Но он совершенно не мог так пожелать, ибо его желание не было желанием, оно было лишь оправданием, узакониванием пустоты, оттенком веселости, который он хотел придать пустоте, куда он, правда, сделал тогда лишь несколько первых шагов, но уже чувствовал, что это – его стихия. Это было тогда своего рода прощание с видениями молодости, которая, впрочем, никогда не обманывала его непосредственно, а только через речи всяких авторитетов вокруг. Так возникла необходимость «желания».
Он доказывает только себя самого, его единственное доказательство – он сам, все противники побеждают его сразу же, но не тем, что опровергают его (он неопровержим), а тем, что доказывают себя.
Человеческие союзы основаны на том, что кто-то своим сильным бытием как бы опроверг отдельно другие, сами по себе неопровержимые жизни. Им-то это приятно и утешительно, но это лишено правды, а потому всегда недолговечно.
Это была прежде часть монументальной группы. Вокруг какого-то возвышения посредине стояли в продуманном порядке символы солдатского сословия, искусств, наук, ремесел. Одним из этих многих был он.
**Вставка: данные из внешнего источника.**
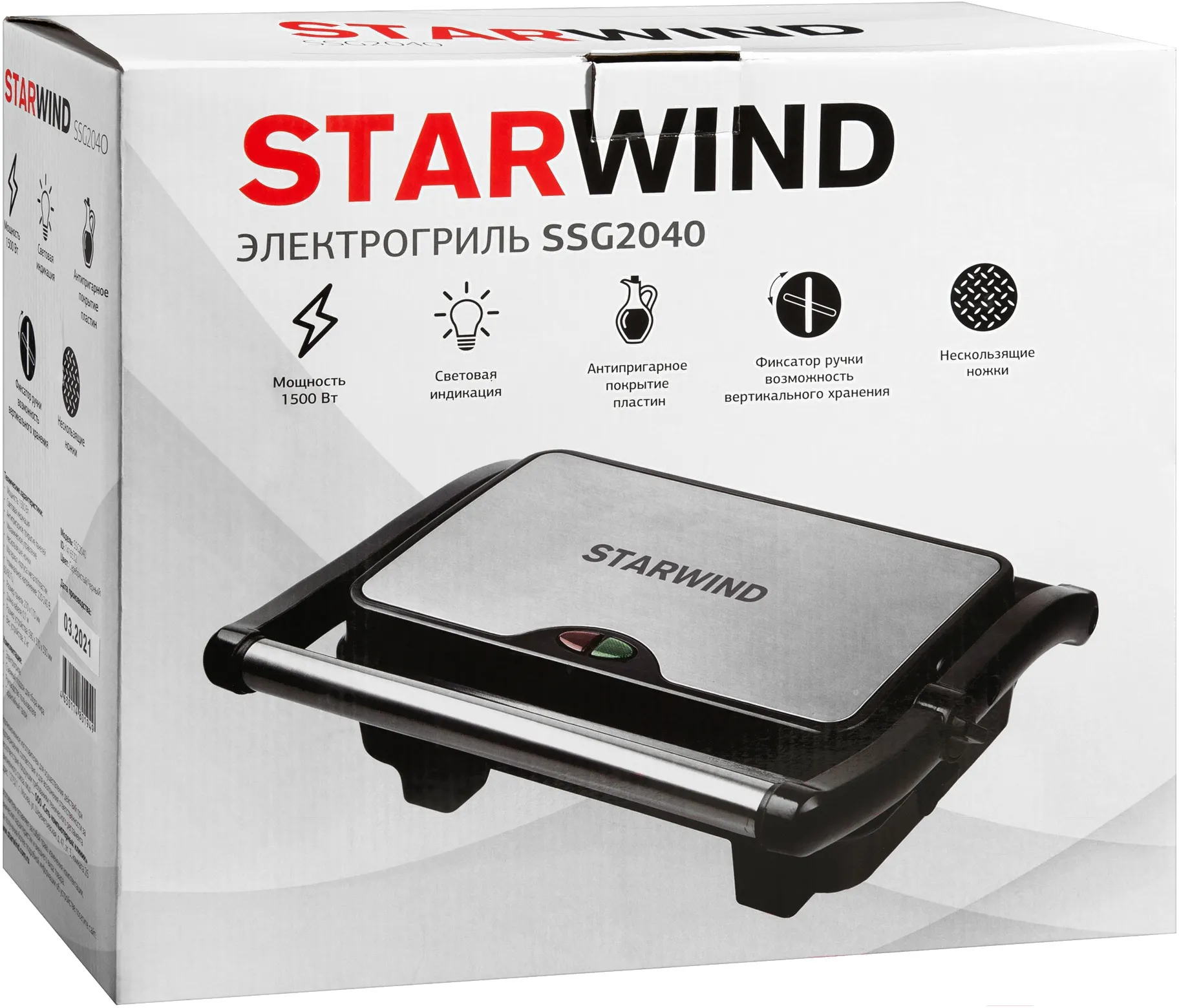 Описание товара Электрогриль Starwind SSG2040 серебристый/черный
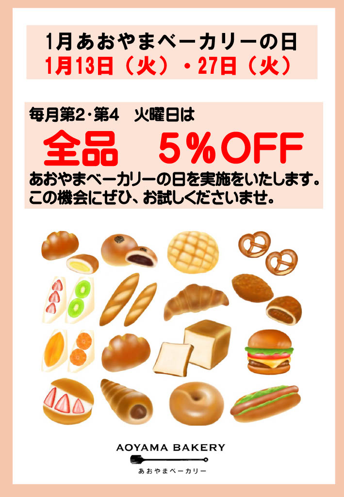 - あおやまベーカリーの日!パン全品5%OFF!
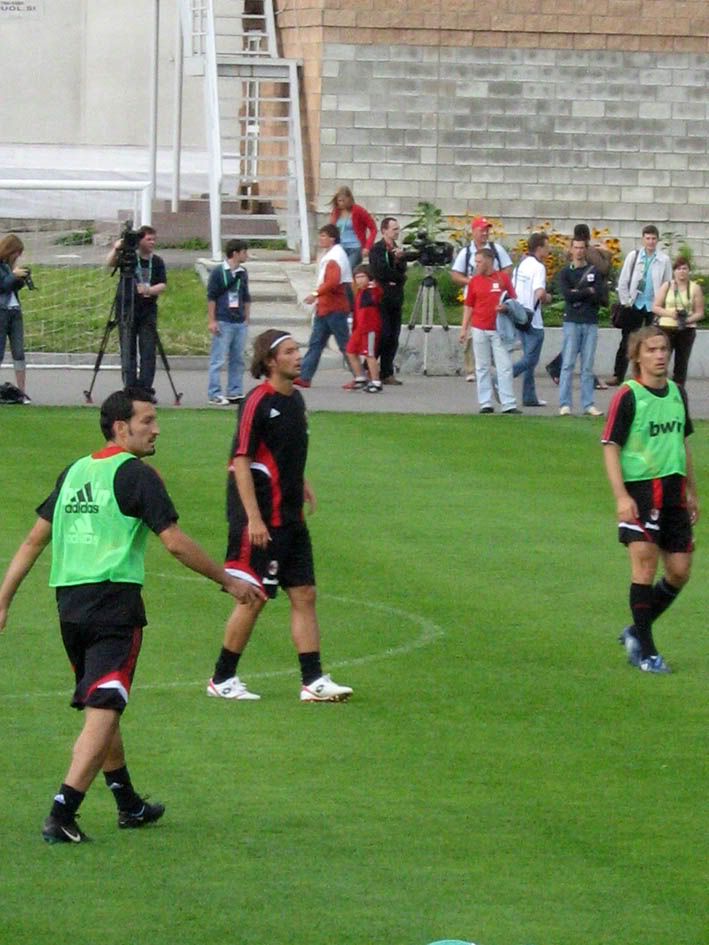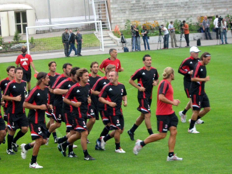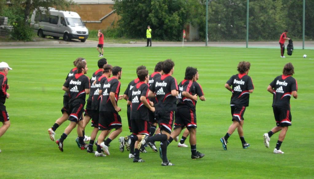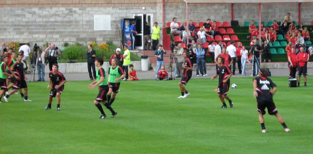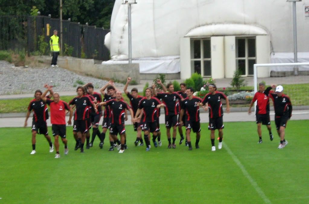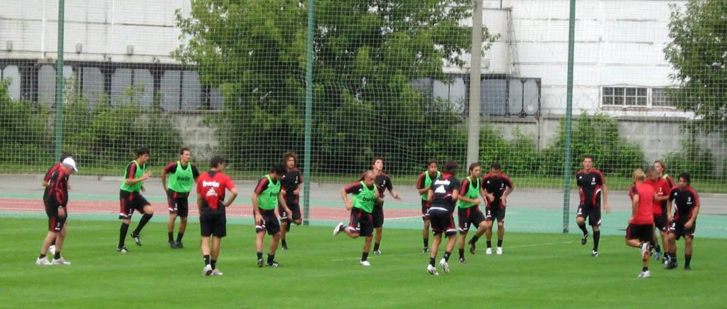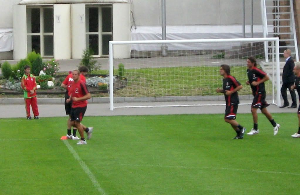 Тем временем миланцы вышли на поле, свеженькие, как огурчики. Мы просто поразились! В первых рядах бежал наш Капитан и улыбался. Все же он в потрясающей форме! По началу тренировка Милана выглядела весьма однообразно. Они бегали из одного угла поля в другой, периодически останавливаясь в этих самых углах и делая различные упражнения. Каха так усердствовал, что ему даже потребовалась помощь врача. К счастью, ничего серьезного.
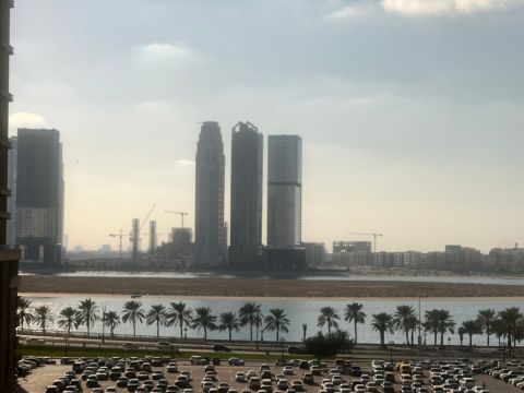 For rent in Al Khan - Al Qasba, second tenant apartment featuring 2 master bedrooms and a living room with a balcony and beautiful sea view. The kitchen also enjoys a sea view. 3 bathrooms, extra built - in wardrobes, and dedicated parking. The tower is only 2 years old No gym or pool. Annual rent AED60000
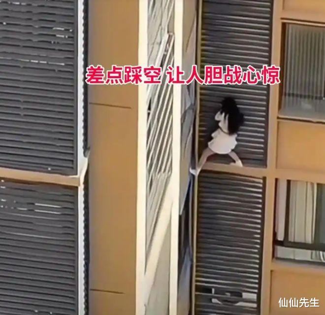 然而女子每一次的尝试看起来都是十分惊险,每一次的挪步都有掉下去的可能,这让在楼对面看到这一切的网友内心也不禁捏了一把汗。
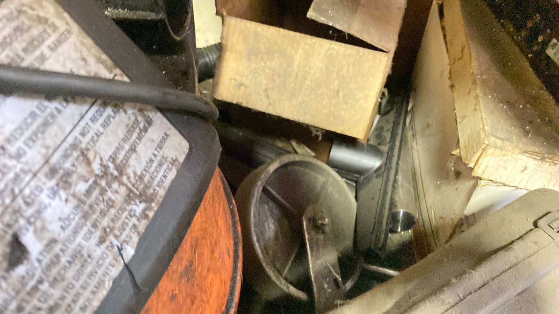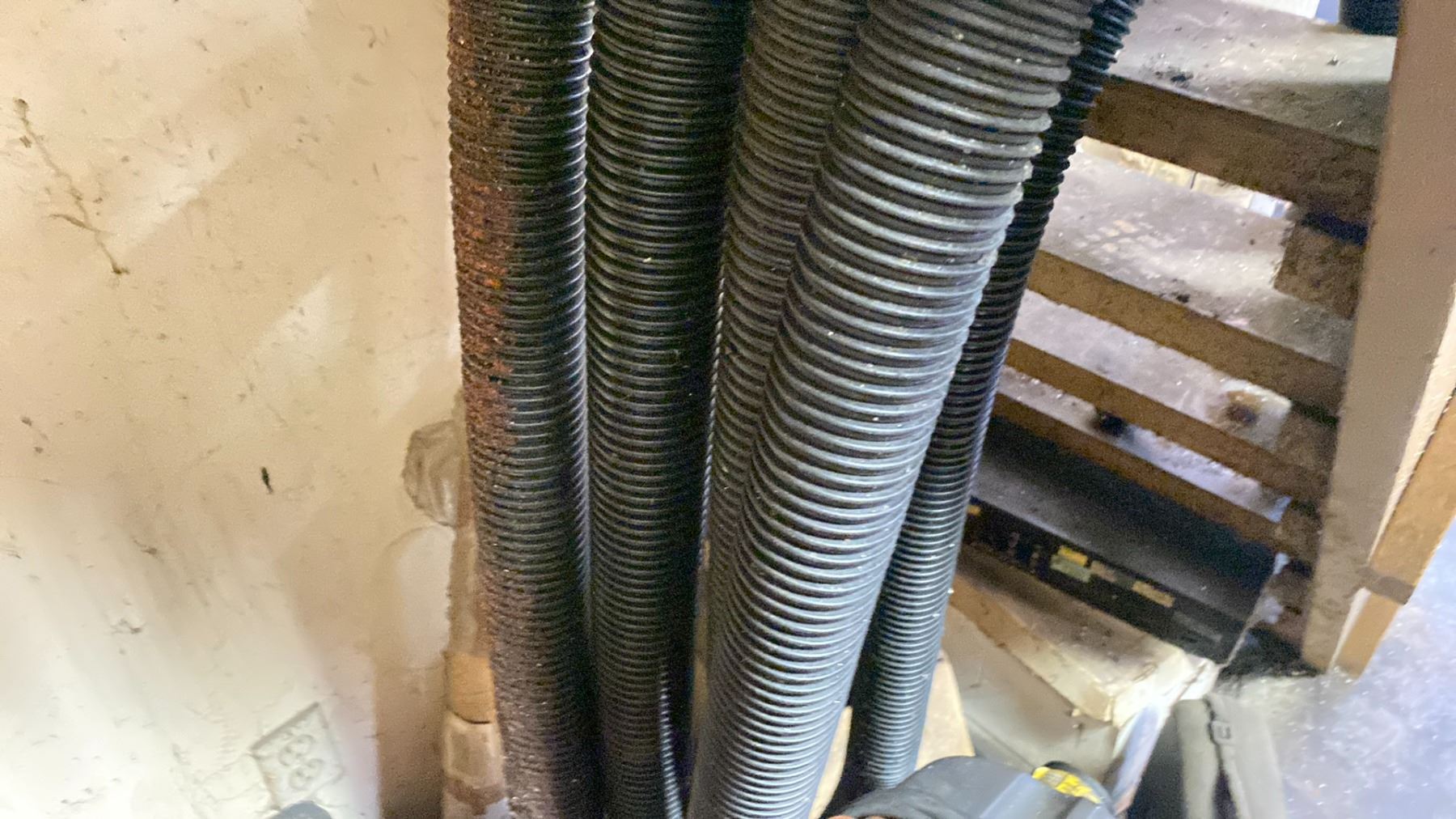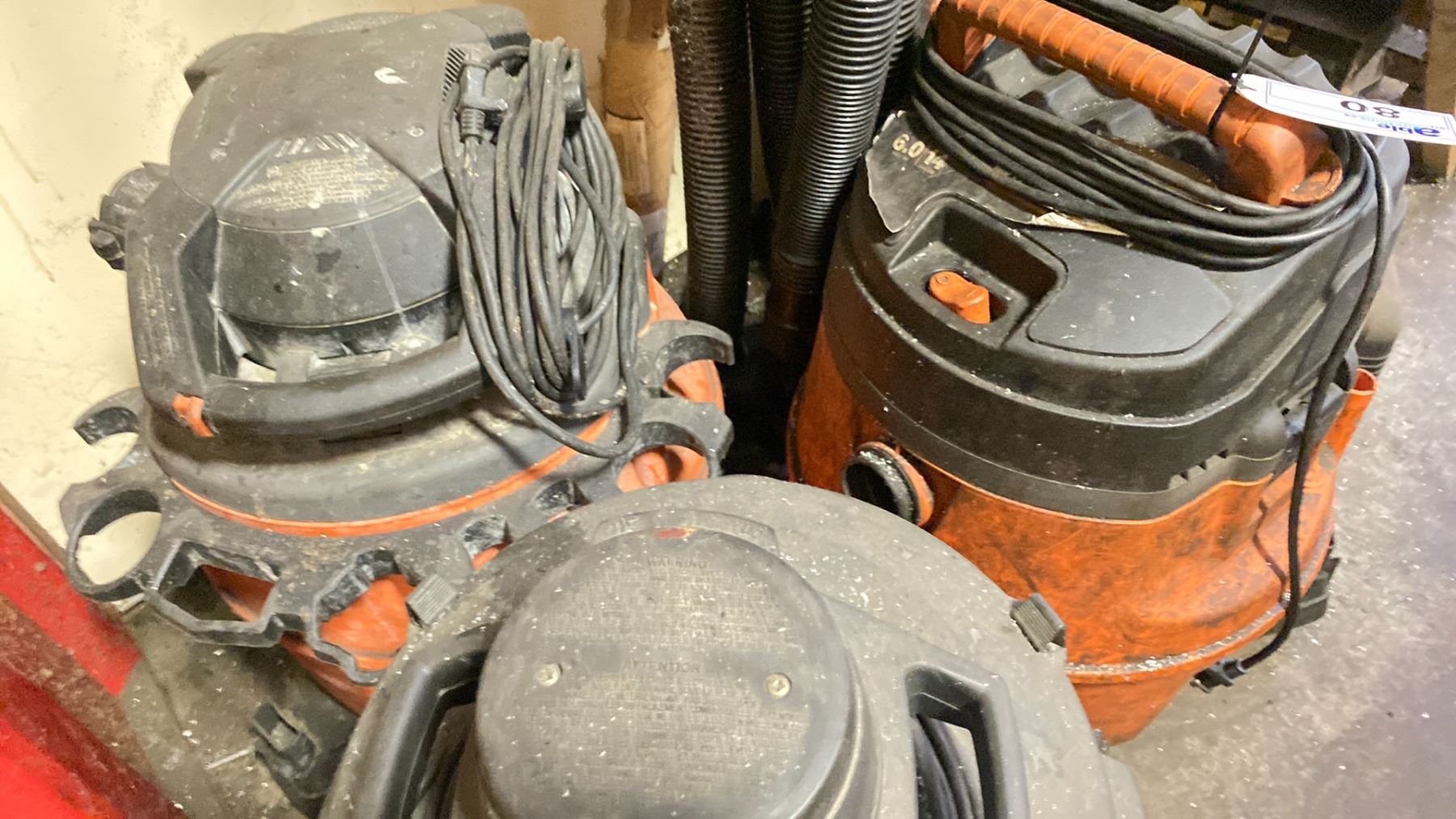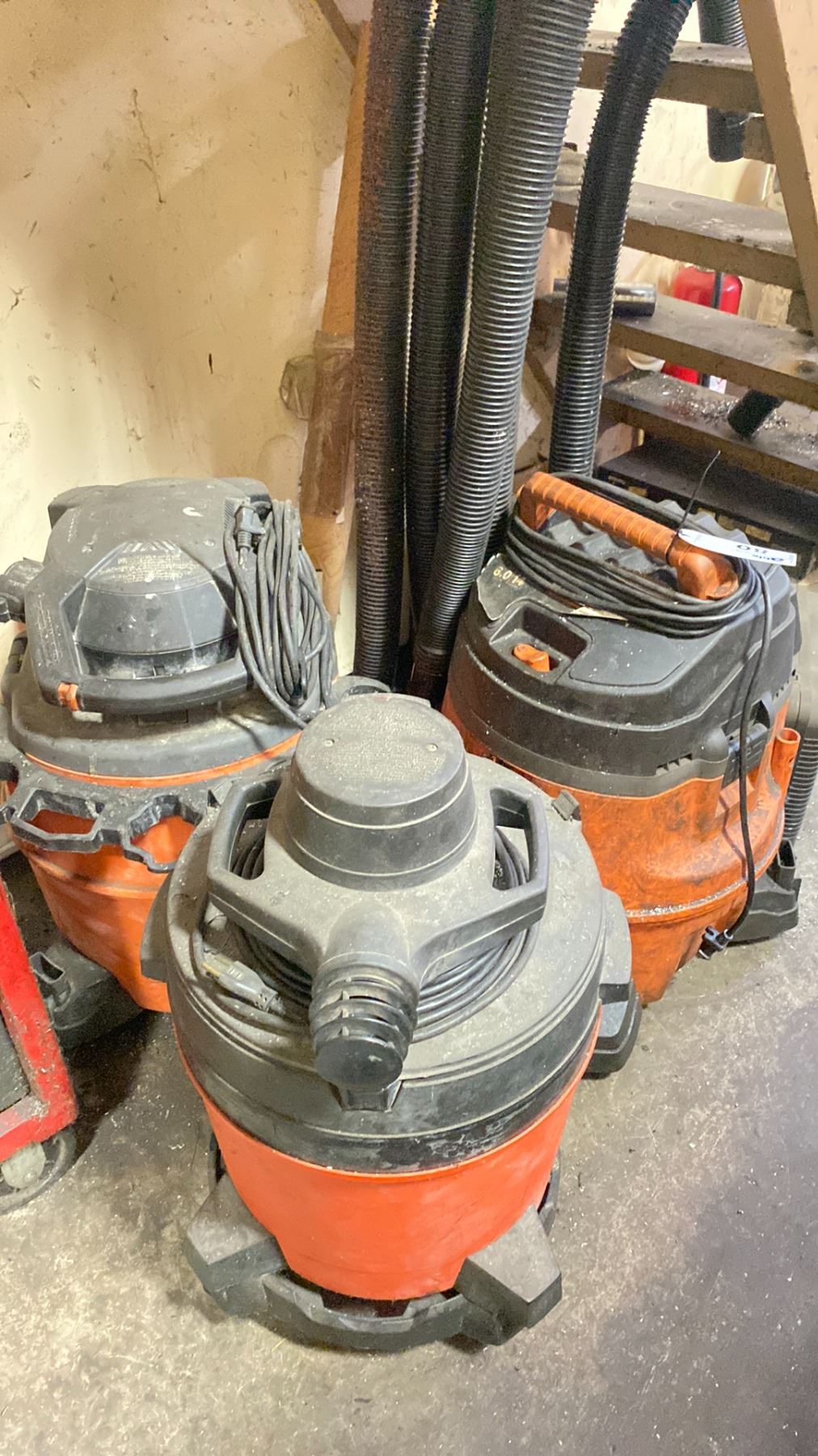 GROUP OF THREE SHOP VACUUMS WITH HOSES AND ASSORTED MISC ITEMS UNDER STAIRS
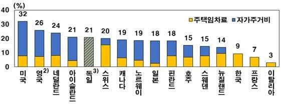 | 주요국의 소비자물가 내 주거비 비중 1) 2020년 OECD 가중치 기준(스위스, 스웨덴, 호주는 각국 통계청 기준), 2) CPIH 기준(CPI 기준 주거비(주택임차료) 비중은 9.4%), 3) 주택임차료에 자가주거비를 포함하여 발표. 자료:각국 통계청, OECD |
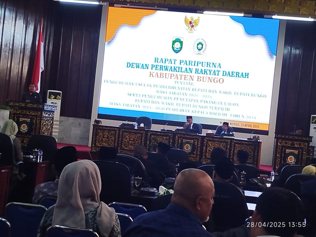 Bungo, PRESTASIREFORMASI.Com – Dewan Perwakilan Rakyat Daerah Kabupaten Bungo menggelar Rapat Paripurna tentang pengumuman usulan pemberhentian Bupati dan Wakil Bupati masa jabatan 2021-2025 serta pengumuman penetapan calon Bupati dan Wakil Bupati Bungo terpilih hasil pemilihan Kepala Daerah tahun 2024 yang dipimpin oleh Ketua DPRD Kabupaten Bungo Muhamad Adani, S.H.,M.Kn yang dilakukan di ruang rapat utama DPRD Bungo, Senin(28/04/2025)
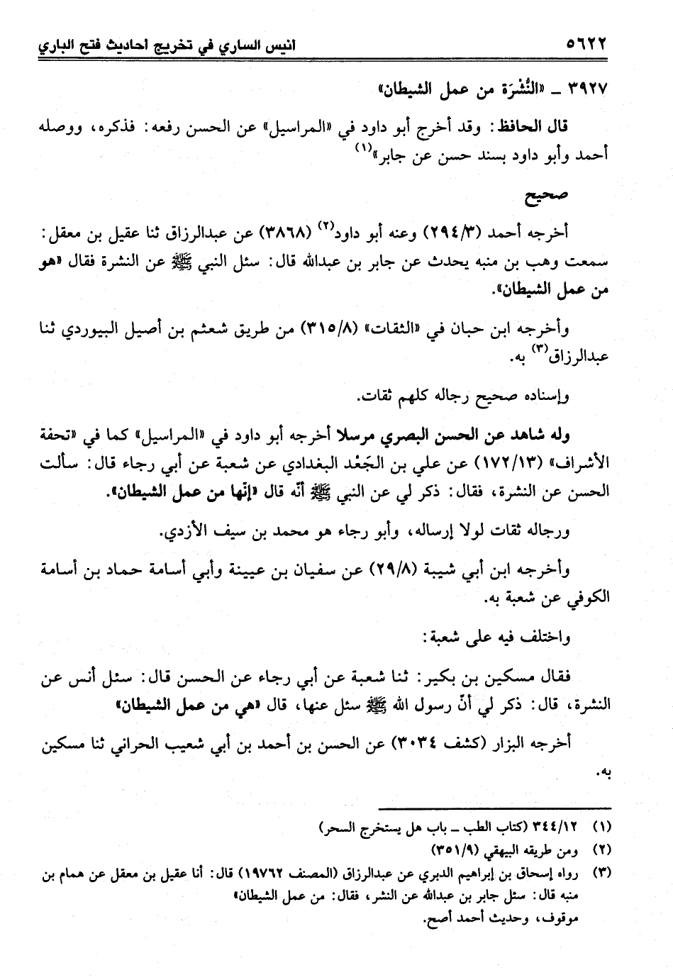 (¬3) رواه إسحاق بن إبراهيم الدبري عن عبد الرزاق (المصنف 19762) قال: أنا عقيل بن معقل عن همام بن منبه قال: سئل جابر بن عبد الله عن النشر، فقال: من عمل الشيطان"

Сейчас эта группа давно распалась, или по крайней мере он покинул ее и влачит свое существование один. Даже прежней профессии у него больше нет, он и забыл даже, что изображал тогда. Наверно, именно из-за этого забвенья возникает какая-то печаль, неуверенность, беспокойность, какая-то омрачающая настоящее тоска по прошлому. И все же эта тоска есть важный элемент жизненной силы, а может быть, и она сама.